The Tax-Free Savings Account (TFSA) has been available to Canadian investors for over a decade. This account provides investors with the opportunity to generate tax-free capital growth and income. Today, I want to look at four TFSA tips to remember in 2021 and beyond.

Avoid a cash-heavy TFSA

Canadian savings rates increased during the pandemic as citizens were forced to cut back significantly on leisure activities.

However, many Canadians have failed to take advantage in their TFSA. Recent studies have shown that many Canadians are content to use their TFSAs as cash accounts. The TFSA is at its best when it is churning out tax-free growth and income.

Be aware of your contribution limit

Just like the RRSP, the TFSA holds a contribution limit that investors need to be aware of. The cumulative contribution room in a TFSA stands at $75,500 as of 2021. However, this is different for Canadians who were age eligible after the 2009 year. If you overcontribute to a TFSA, you will be subject to a penalty.

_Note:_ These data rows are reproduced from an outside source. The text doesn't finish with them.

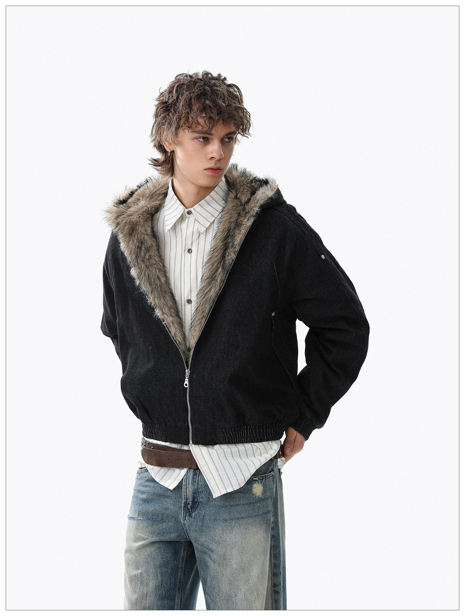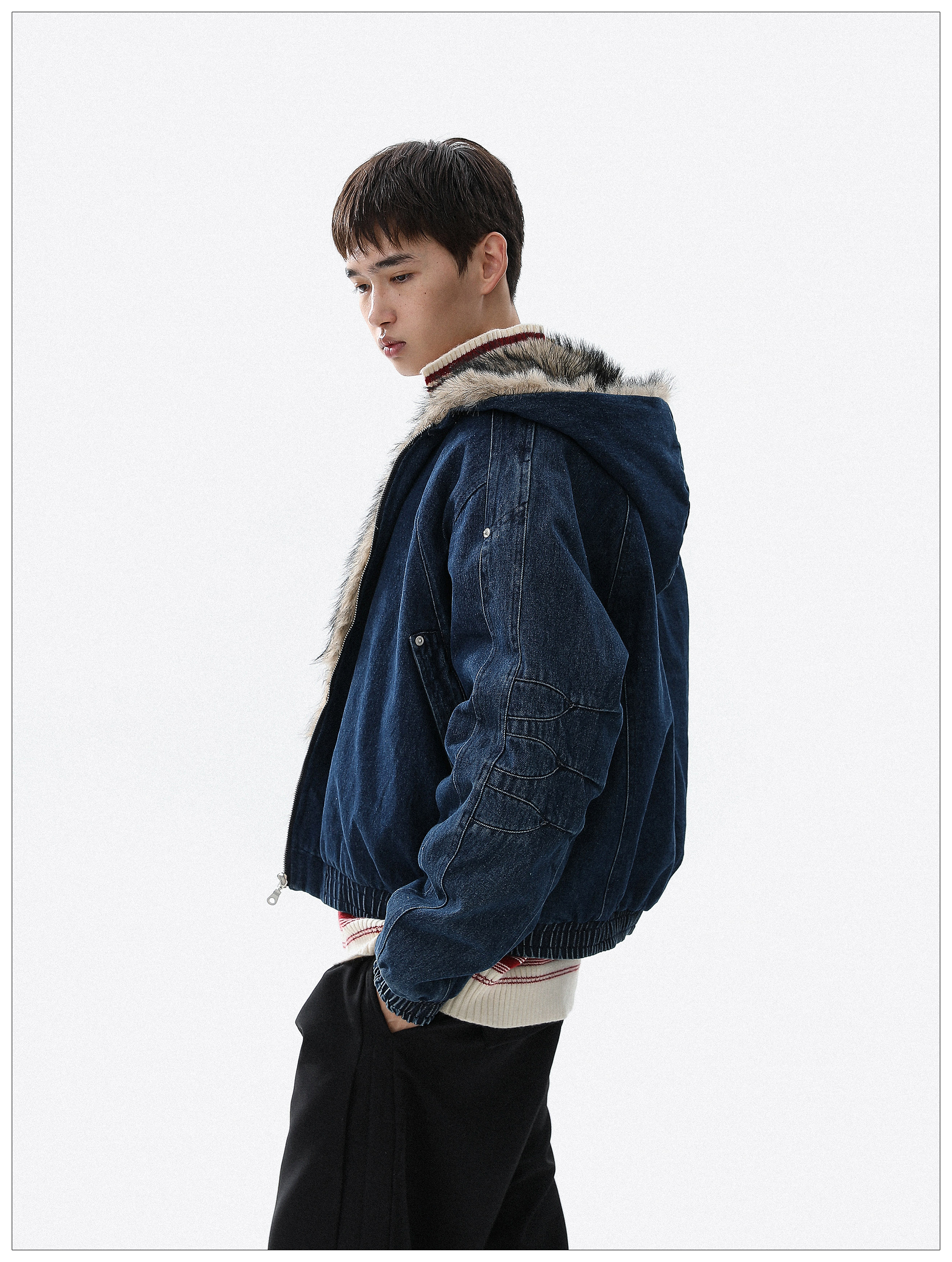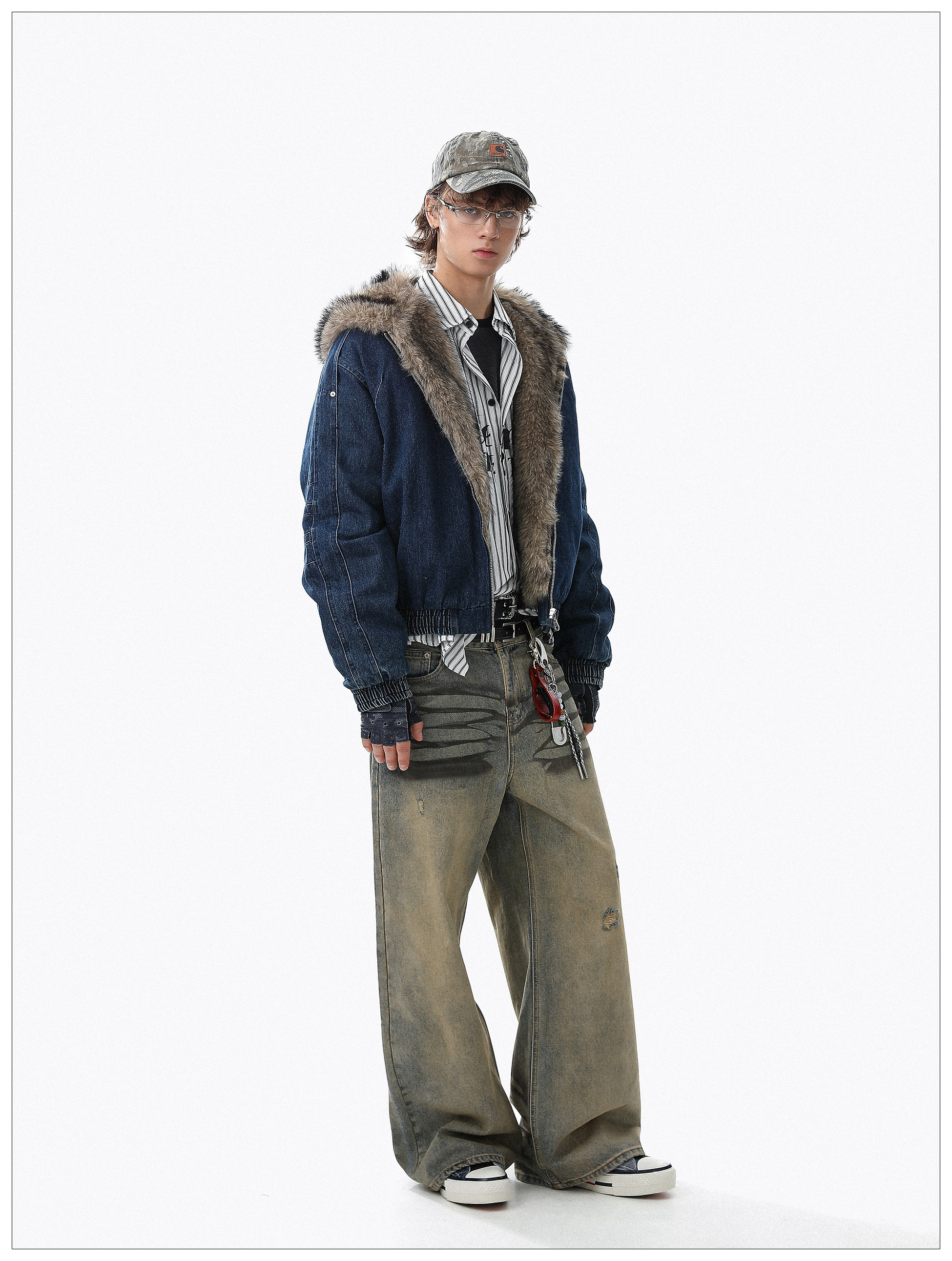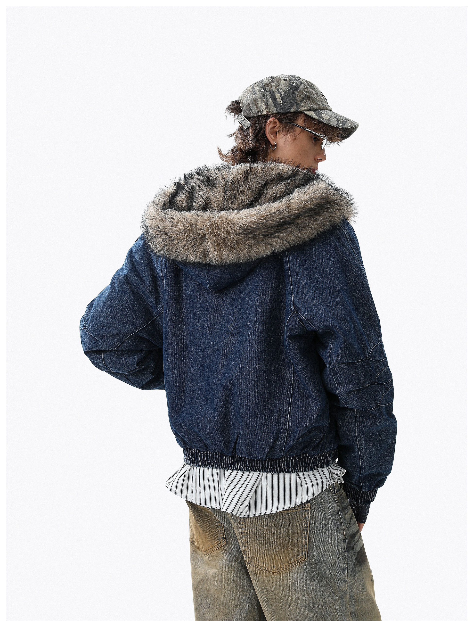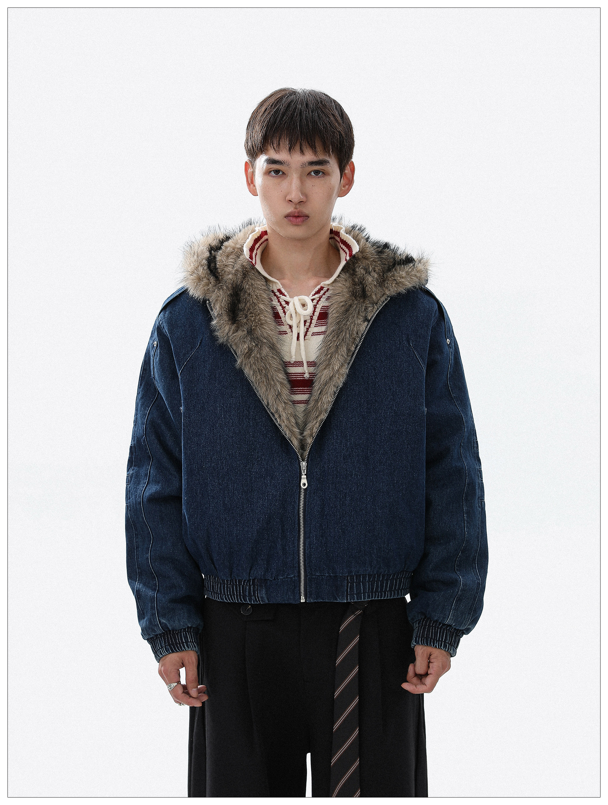 Fake Fur-Collar Deconstructed Thick Denim Jacket WN22110
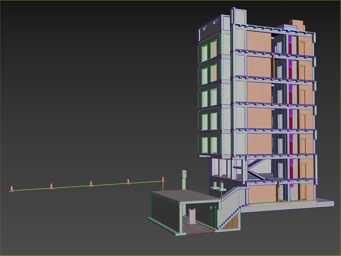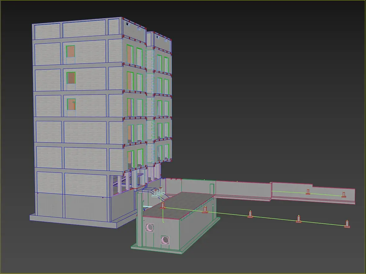 Когда подошел момент передачи, возник вопрос как, и они дали мне замечательный ответ, давай чертежи, в PDF. А для меня это прям совсем не весело, тем более что если будут корректировки. В итоге я им предложил закинуть все это в CAD, сам сильно переживал потянет он или нет, что то простое я закидывал, и то как это все двигалось меня совсем не радовало, вот прям как на костылях. Думал разбить все по кускам, по этажам может быть или еще как-то. А потом попробовал на ура, просто взял и все экспортировал. И чудо, он все съел, при этом все крутилось точно так же как и с простой моделью, сделал вывод что это просто его нормальное состояние. Не знаю как в более свежих версиях, но в той что у меня, 2012 архитектура, именно так. Дальше я накинул материалы, и все это дело отсортировал, получилось так:
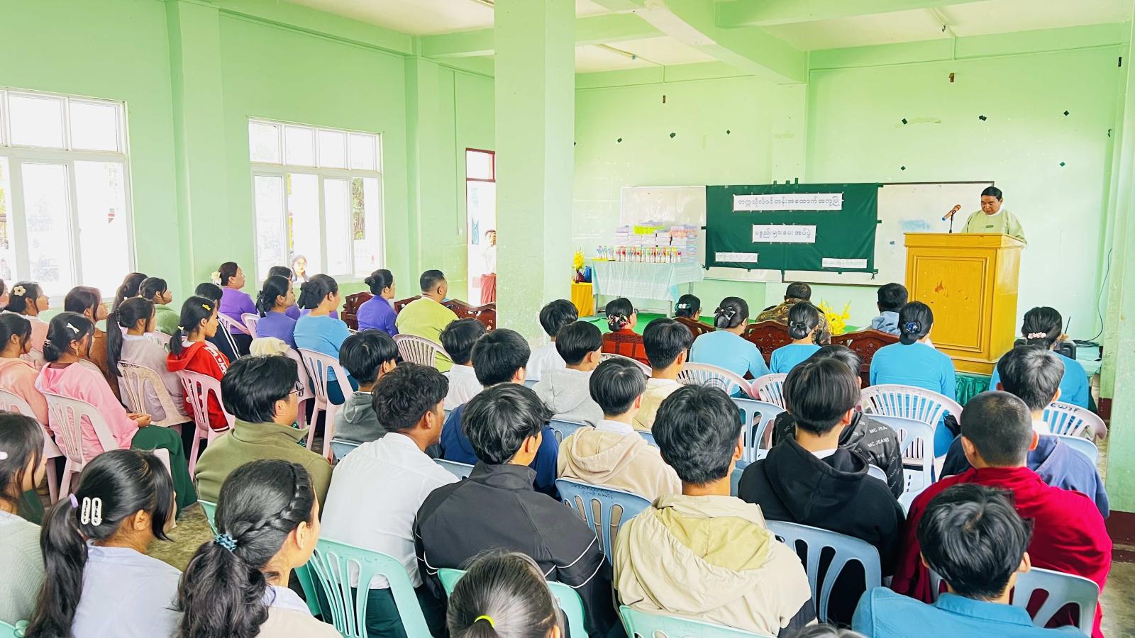 ရှမ်းပြည်နယ်(အရှေ့ပိုင်း)၊ မိုင်းယောင်းမြို့နယ် စီမံခန့်ခွဲရေးနှင့်အုပ်ချုပ်ရေးကော်မတီဥက္ကဋ္ဌ မြို့နယ်အုပ်ချုပ်ရေးမှူး ဦးစိုးသက်ဆွေသည် ယမန်နေ့က မြို့နယ်ပညာရေးမှူးရုံး အစည်းအဝေးခန်းမ၌ တက္ကသိုလ်ဝင်တန်းအောင်ချက်မြင့်မားရေး အထောက်အကူပြုပစ္စည်းများ ပေးအပ်ပွဲအခမ်းအနား တက်ရောက်သည်။
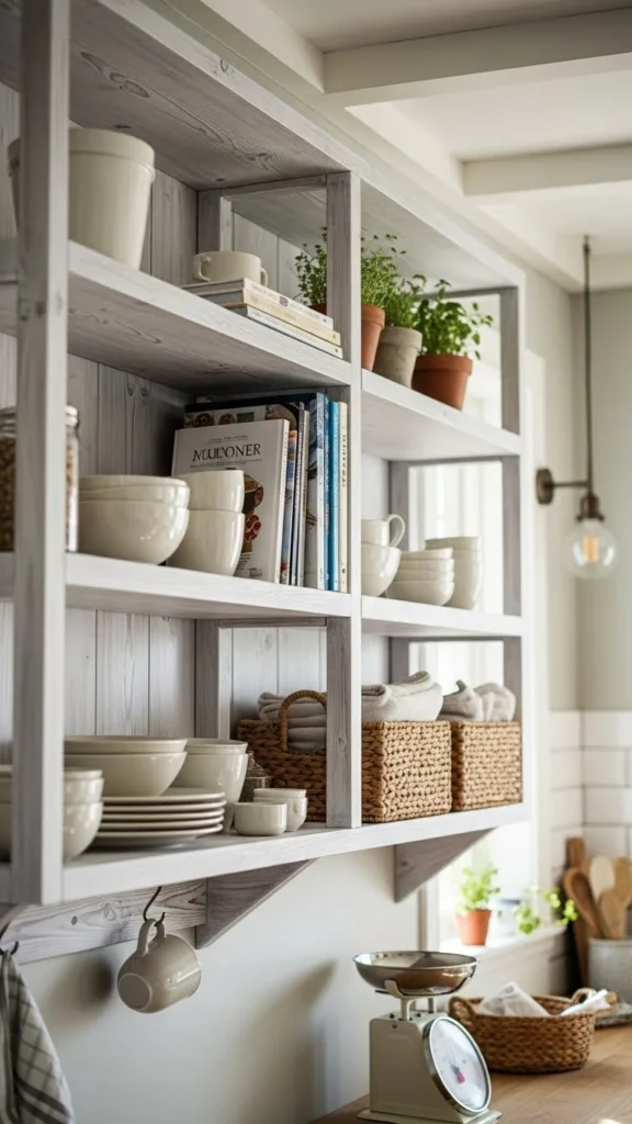Whitewashing wood shelves softens their look. This works well in farmhouse-style kitchens. Use diluted paint and wipe excess off. Test on a hidden area first. This update costs little and refreshes older shelves.
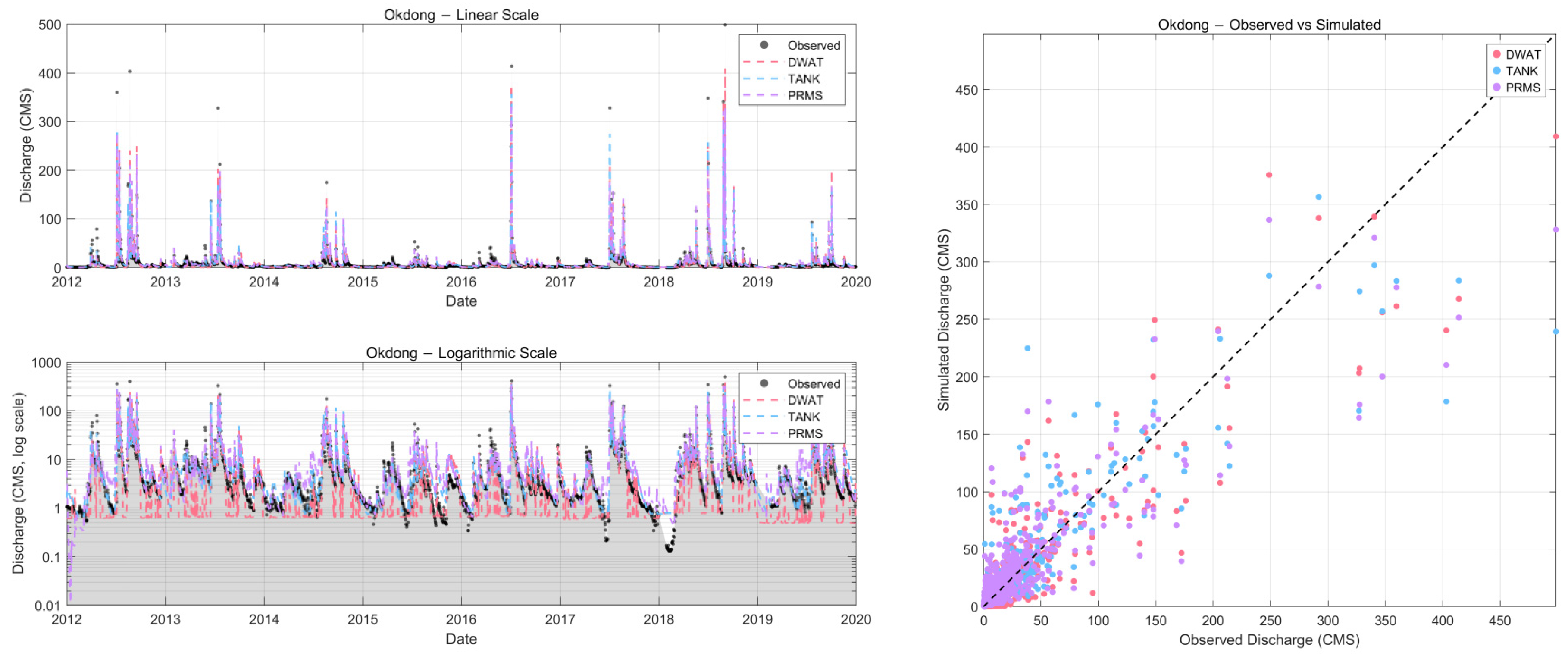 Table 7), DWAT and TANK showed comparable logRMSE values, indicating similar capability in reproducing low-flow variability; however, both models tended to underestimate low flows, as reflected by negative PBIAS values. In contrast, PRMS exhibited substantially larger errors and stronger negative bias, suggesting limited applicability under low-flow conditions. In the Okdong basin (
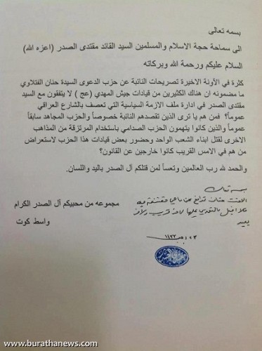 جاء ذلك على خلفية التصريحات التي أدلت بها بشأن عدم اتفاق قيادات في الجيش المهدي معه في إدارة العملية السياسية.وقال السيد الصدر في إجابة على سؤال لأحد أتباعه بشأن تصريحات للفتلاوي قالت فيها (إن الكثيرين من قيادات جيش المهدي لا يتفقون مع الصدر في إدارة ملف الأزمة السياسية التي تعصف بالشارع العراقي عموماً)، إن "الأخت حنان تدافع عما هي مقتنعة به".وأضاف الصدر "لا أقبل بالتعدي عليها لا من قريب ولا من بعيد".وكان عدد من وسائل الإعلام نقل عن النائبة الفتلاوي قولها إن هناك العديد من القيادات في الجيش المهدي يخالفون رؤية زعيم التيار الصدري لحل الأزمة السياسية، في إشارة إلى موقفه الداعم لسحب الثقة من رئيس الحكومة نوري المالكي.
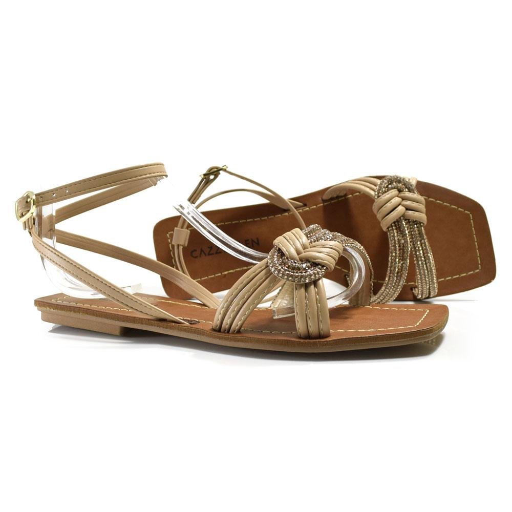 Sandália Rasteira Feminina CazzualenA Sandália Rasteira Feminina Cazzualen combina sofisticação minimalista com um toque de glamour discreto, sendo o calçado perfeito para looks leves e femininos. É versátil e ideal para alongar a silhueta.
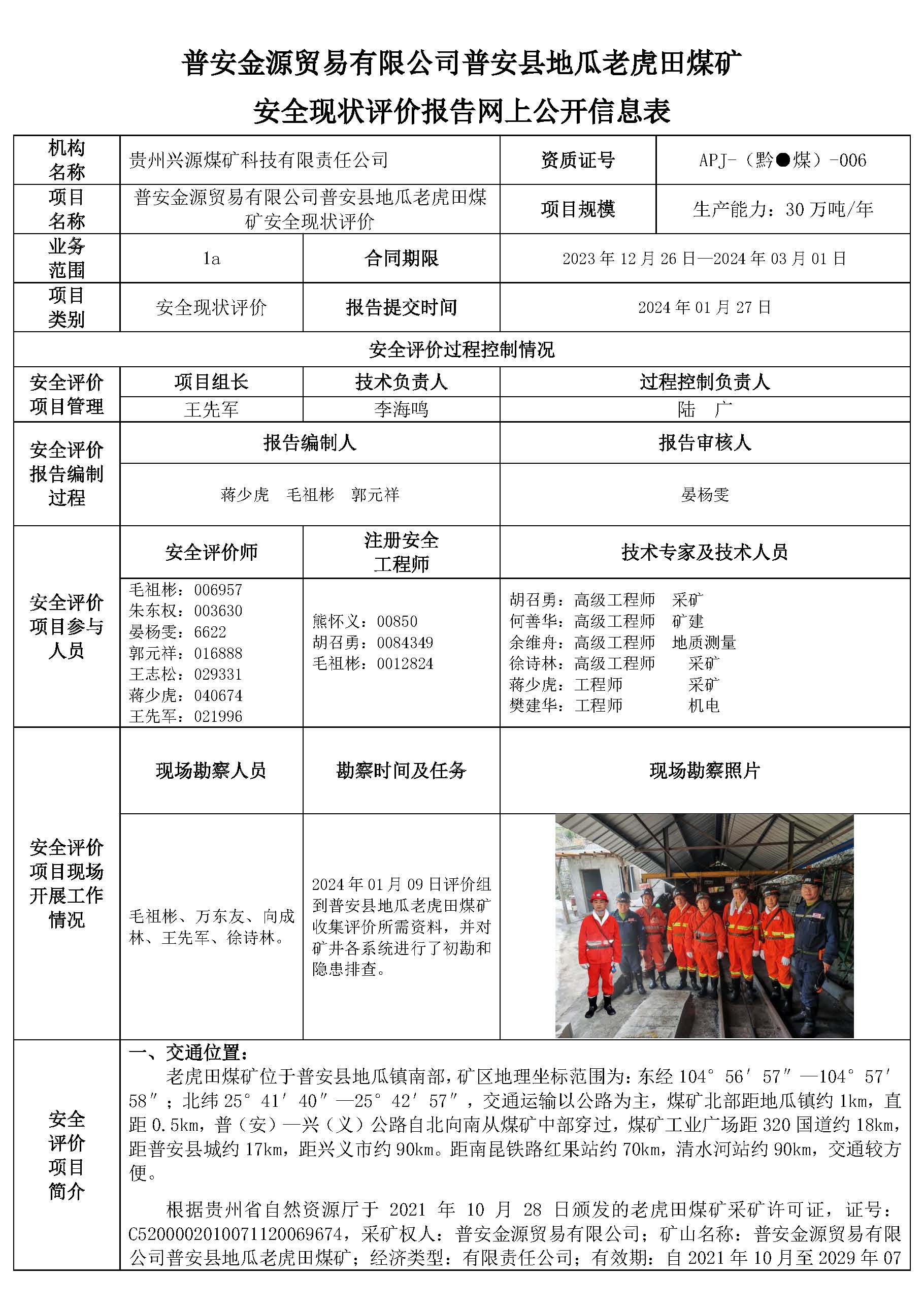普安金源貿(mào)易有限公司普安縣地瓜老虎田煤礦安全現(xiàn)狀評價(jià)報(bào)告網(wǎng)上公開信息表
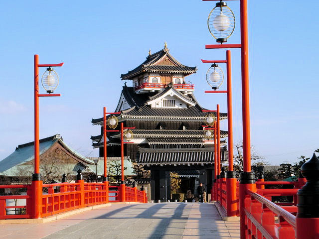 今話題になりつつある清州会議の清州城です。清州会議とは端的に言うと、信長の死後の後継者問題と領地再配分です。築城は室町時代前期で尾張・遠江・越前守護の管領、斯波義重(しばよししげ)が建てたと云われています。尾張守護所である下津城の別郭にありましたが、織田家の内紛で下津城が焼失した為清州に移転したそうです。尾張国の中心地となった清州は、一時期「織田弾正忠家」の当主織田信秀が清須奉行として居城した以外は、常に清洲織田氏(織田大和守家)の居城として尾張下四郡を支配する守護代織田家の本城として機能しました。家督は信友が継いで城主となりますが、主家である斯波義統(しばよしむね)を暗殺した事で信長と手を結んだ信光に殺されました。信長は信行を謀殺し信賢をも追放し、信長が実質上の支配者となりました。信長は桶狭間の戦にこの清州城から出陣しました。また徳川家康との同盟もこの地で行われました。信長は小牧山城に移動し、美濃国斎藤氏に備えるために清州城を番城にしました。信長の死後信雄が家督を継ぎますが、秀吉に逆らった為豊臣秀次の領内に吸収されました。その後福島正則が入城し、関ヶ原の戦以降勝利した徳川家康の四男・九男が入城し本拠地としました。徳川家康は清州城を名古屋に遷府させ城下町も全て変えたそうです。現在の天守は平成元年に模擬天守として建てられました。川と鉄道に挟まれた空間に朱色が映える橋の欄干と天守閣が凛々しくそびえ立っています。見どころは隣接した清州公園に信長銅像と、天守閣内資料館があります。アクセスは名鉄名古屋本線「新清洲駅」から徒歩約15分。JR東海道本線「清洲駅」から 徒歩約15分。城北線「星の宮駅」から徒歩約20分。東名阪自動車道「清洲東IC」から車で約5分

Consider an automated savings plan

It is hard work to keep up with your portfolio, and sometimes Canadians can neglect to contribute to their registered accounts on a regular basis. Avoid this in your TFSA by setting up an automatic withdrawal, whether it is weekly, bi-weekly, or monthly.

Watch out for foreign dividend stocks

Foreign dividend stocks can be tempting, but TFSA investors need to watch out. Investors will be subject to a withholding tax if they generate dividends from U.S.-based income-yielding equities.